What You Need to Know About How ADUs Affect Property Taxes
With local laws and regulations being so different from state to state and even city to city, it’s understandable that many people wonder how an accessory dwelling unit (ADU) will impact their property taxes.
Adding an ADU to your property is likely going to have a positive impact on your taxes.
Along with benefits like additional living space and increased property value, tax benefits are another perk of adding an accessory dwelling unit to your property. Before we get into that, let’s cover some basics.
What is An ADU?
ADUs often go by other names, including a tiny home, garage apartment, or mother-in-law suite to name a few. They are technically a living space, detached from the main home, with its own functioning kitchen and bathroom.
Property Tax Basics
Property taxes are paid by homeowners, most often twice a year. These funds go towards projects and institutions in the community in which the property is located. The amount is based on the value of the property at the time it was purchased, and is adjusted slightly from there by 1–2% each year.
This makes it completely understandable that property owners would have concerns about how and when their taxes would increase, should they add an ADU. A valid concern here is especially true for Californians, with the implementation of measures like Prop13.
ADUs Won’t Drastically Increase Your Property Taxes
People often mistakenly think that their entire property will be reappraised when an accessory dwelling unit is added.

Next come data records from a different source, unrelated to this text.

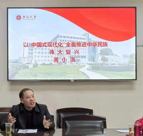 周小清副经理关于“以中国式现代化”全面推进中华民族复兴的解读报告,更是从历史和文化的视角给老同志们以思想启迪。他从大历史观出发,讲述了现代化在近代中国的起步、发展及其最终结果。他熟悉历史演变进程,从地主阶级进行器物现代化的“洋务运动”,到资产阶级试图变革社会制度的 “维新梦”和“共和梦”,都是片面的局部性变革,最终都难免失败。从上个世纪50年代到70年代,我党确立了实现四个现代化的战略目标;20世纪80年代邓小平提出“三步走”战略规划;党的十五大提出了现代化建设“新三步走”的战略并首次提出“两个一百年”奋斗目标。随着第一个百年奋斗目标的实现,习近平总书记在二十大报告中指出,“从现在起,中国共产党的中心任务就是团结带领全国各族人民全面建成社会主义现代化强国、实现第二个百年奋斗目标,以中国式现代化全面推进中华民族伟大复兴。”周小清副经理以唯物辩证法的观点解读了“中国式现代化,是中国共产党领导的社会主义现代化,既有各国现代化的共同特征,更有基于自己国情的中国特色。”他从现代化的共性与个性、理论与实践的辩证关系中,阐释了“中国式现代化”的五个特征,其中对中国式现代化是全体人民共同富裕的现代化、中国式现代化是走和平道路的现代做了重点阐述。批判了西方现代化的原始积累过程充满了血腥和暴力;而中国式现代化建设是在没有公式、没有模式的前提下,依靠自身力量发展起来的现代化。中国式现代化为解决人类问题贡献了“中国智慧”,提供了“中国方案”。
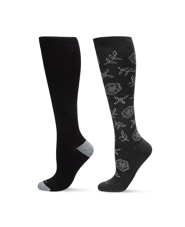 Muk Luks Women's 2 Pack Fleece Lined Knee High Socks, Blk/Dkgr, S/M
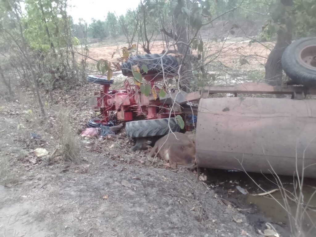 बताये अनुसार ट्रेक्टर पानी वाली टैंकर और छड़ से भरी माजदा ट्रक की भिड़ंत के बाद ट्रेक्टर और पानी टैंकर पलट गई । ट्रेक्टर के मुंडी के नीचे गाय लेकर जा रहे ब्यक्ति के साथ गाय के दबने से मौत हो गई । घटना के बाद माजदा ट्रक का ड्राइवर मौके से फरार हो गया है । घरघोड़ा थाना प्रभारी अमित तिवारी ने घायलों को मृतक के शव को घरघोड़ा हॉस्पिटल भेज दिया है । पुलिस ने मृतक का शव पंचनामा भरकर मर्ग कायम कर जांच में जुट गई है । वही ट्रक ड्राइवर की पता तलाश में जुट गई हैं

While it varies from state to state, and it is essential to look into this based on where you live specifically, more often than not this is not the case.
In states like California, your property taxes will increase based on a blended assessment. This means that the cost of the ADU multiplied by the current tax rate will simply be added to your current property tax rate. Your main home and property value will not be reassessed and Prop13 will not be implemented.
For example, if you add an ADU and it costs $160,000 and the property tax in your area is 1%, your property tax will be $1600. This will simply be added to your current property tax.
Accessory Dwelling Unit Tax Benefits
While you will have an additional tax added to your current property tax, there are some major tax benefits that come along with having an ADU on your property.
- Should you rent out your ADU, you will likely recoup the additional tax cost within a month or two.
- The first month an ADU is listed as available you can start depreciating the cost on your taxes. Keep in mind that rentals of less than 7 days are often treated differently. Be sure to check your city’s laws.
- Some cities and states have specific tax incentives for adding an ADU to your property due to housing shortages.
- You can take advantage of tax deductions on things like mortgage interest, repairs, and advertising your rental.
It’s smart to consider the impact an ADU will have on your taxes. Be sure to check your state and city’s specific regulations and tax code. Ultimately, the impact of an accessory dwelling unit is more likely going to be a positive one for you financially, especially when rental income and property value increases are considered in the long term.